Work task
Each line below needs to be returned exactly. Skip any picture.

:: Provided records

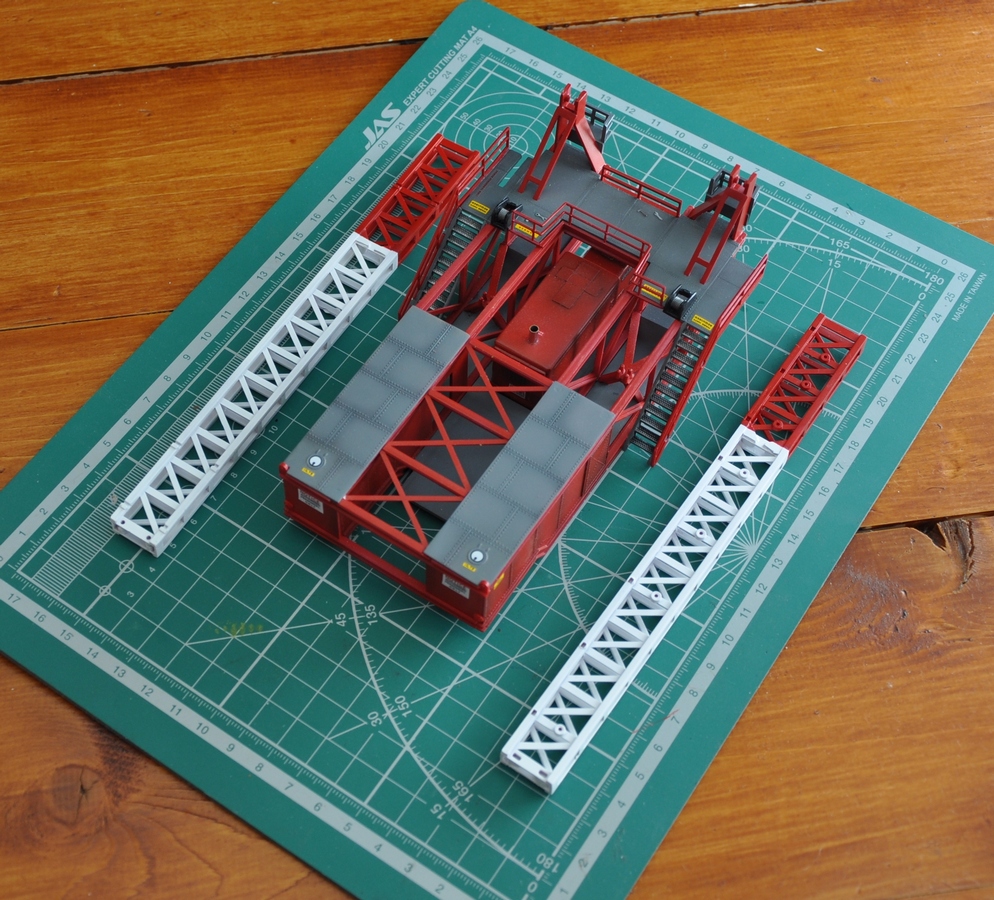 По моделе, качество отливок и стыкуемость нормальные, это не ЛНД, в наборе есть даже человечки, которые бросают инструмент на башне обслуживания, у нас их привязывают к кисти руки, во первых, чтоб не потерять в ракете, а во вторых, чтоб не уронить кому нибудь на голову. Башня обслуживания может быть в двух положениях, в транспортном, когда башня лежит горизонтально земле и назовем "БОЕВОМ" вертикально земле. Также платформ на всех уровнях раздвижные. От себя могу добавить, что стартовый стол идентичен стартовому столу Советской ракеты Космос, сказываются немецкие корни.
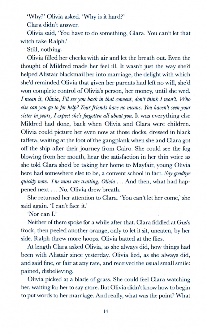 Then Clara is abducted from one of the busiest streets in the city. Olivia is told it's thieves after ransom money, but she's convinced there's more to it. As she sets out to discover what's happened to the sister she's only just begun to know, she falls deeper into the shadowy underworld of Alexandria, putting her own life, and her chance at a future with Edward, the only man she's ever loved, at risk. Because, determined as Olivia is to find Clara, there are others who will stop at nothing to conceal what's become of her . . .
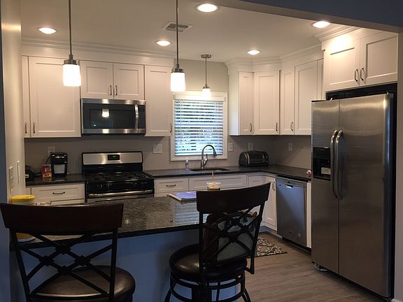 This home is not currently for sale or rent. Beautiful home in desirable neighborhood recently renovated from top to bottom. New roof, siding, electrical service, heating and air conditioning, doors and windows, lighting, and bathroom. Kitchen boasts new Wolf cabinets, island and pantry, stainless steel appliances, quart countertops. Two bedrooms with another room which could be used as an office, dining area or 3rd bedroom. Year round sunroom opens to patio and large yard. New laminate and tile flooring throughout. New stackable washer and dryer with enclosure.
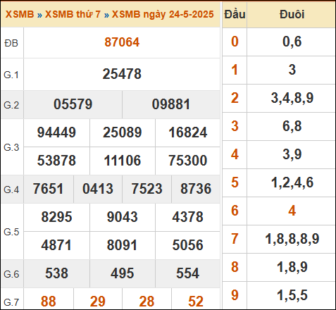 - Thống kê 2 số cuối giải đặc biệt XSMB ngày 25/05/2025
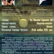 Программа “Московский Гештальт Институт” является результатом более чем тридцатилетнего коллективного опыта применения и осмысления гештальт-подхода и подготовки специалистов в области гештальт-терапии в России и за рубежом. Подробнее>>
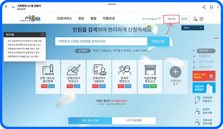 세움터에 클릭하시면 회원가입을 합니다 비회원으로도 발급 가능하지만 가입 후 아이디를 저장해 두고 사용하면 편리합니다→ 로그인을 합니다
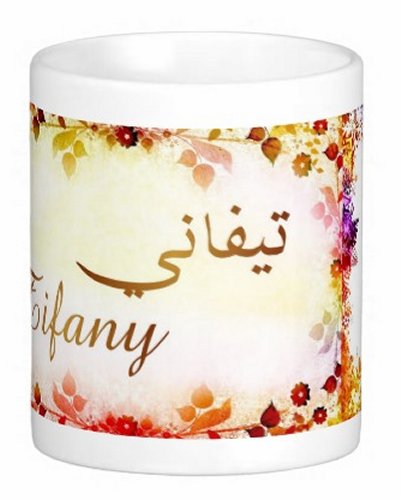 Mug avec le prénom "Tifany" écrit en français, en arabe (تيفاني) et calligraphié de façon artistique en arabe sur la partie droite.
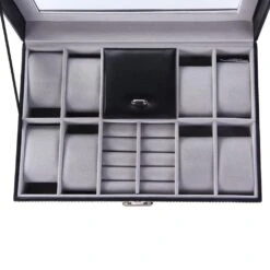 In the center, you will also find a place for the storage of rings, bracelets or cufflinks.

::::

Response to the exercise
 По моделе, качество отливок и стыкуемость нормальные, это не ЛНД, в наборе есть даже человечки, которые бросают инструмент на башне обслуживания, у нас их привязывают к кисти руки, во первых, чтоб не потерять в ракете, а во вторых, чтоб не уронить кому нибудь на голову. Башня обслуживания может быть в двух положениях, в транспортном, когда башня лежит горизонтально земле и назовем "БОЕВОМ" вертикально земле. Также платформ на всех уровнях раздвижные. От себя могу добавить, что стартовый стол идентичен стартовому столу Советской ракеты Космос, сказываются немецкие корни.
 Then Clara is abducted from one of the busiest streets in the city. Olivia is told it's thieves after ransom money, but she's convinced there's more to it. As she sets out to discover what's happened to the sister she's only just begun to know, she falls deeper into the shadowy underworld of Alexandria, putting her own life, and her chance at a future with Edward, the only man she's ever loved, at risk. Because, determined as Olivia is to find Clara, there are others who will stop at nothing to conceal what's become of her . . .
 This home is not currently for sale or rent. Beautiful home in desirable neighborhood recently renovated from top to bottom. New roof, siding, electrical service, heating and air conditioning, doors and windows, lighting, and bathroom. Kitchen boasts new Wolf cabinets, island and pantry, stainless steel appliances, quart countertops. Two bedrooms with another room which could be used as an office, dining area or 3rd bedroom. Year round sunroom opens to patio and large yard. New laminate and tile flooring throughout. New stackable washer and dryer with enclosure.
 - Thống kê 2 số cuối giải đặc biệt XSMB ngày 25/05/2025
 Программа “Московский Гештальт Институт” является результатом более чем тридцатилетнего коллективного опыта применения и осмысления гештальт-подхода и подготовки специалистов в области гештальт-терапии в России и за рубежом. Подробнее>>
 세움터에 클릭하시면 회원가입을 합니다 비회원으로도 발급 가능하지만 가입 후 아이디를 저장해 두고 사용하면 편리합니다→ 로그인을 합니다
 Mug avec le prénom "Tifany" écrit en français, en arabe (تيفاني) et calligraphié de façon artistique en arabe sur la partie droite.
 In the center, you will also find a place for the storage of rings, bracelets or cufflinks.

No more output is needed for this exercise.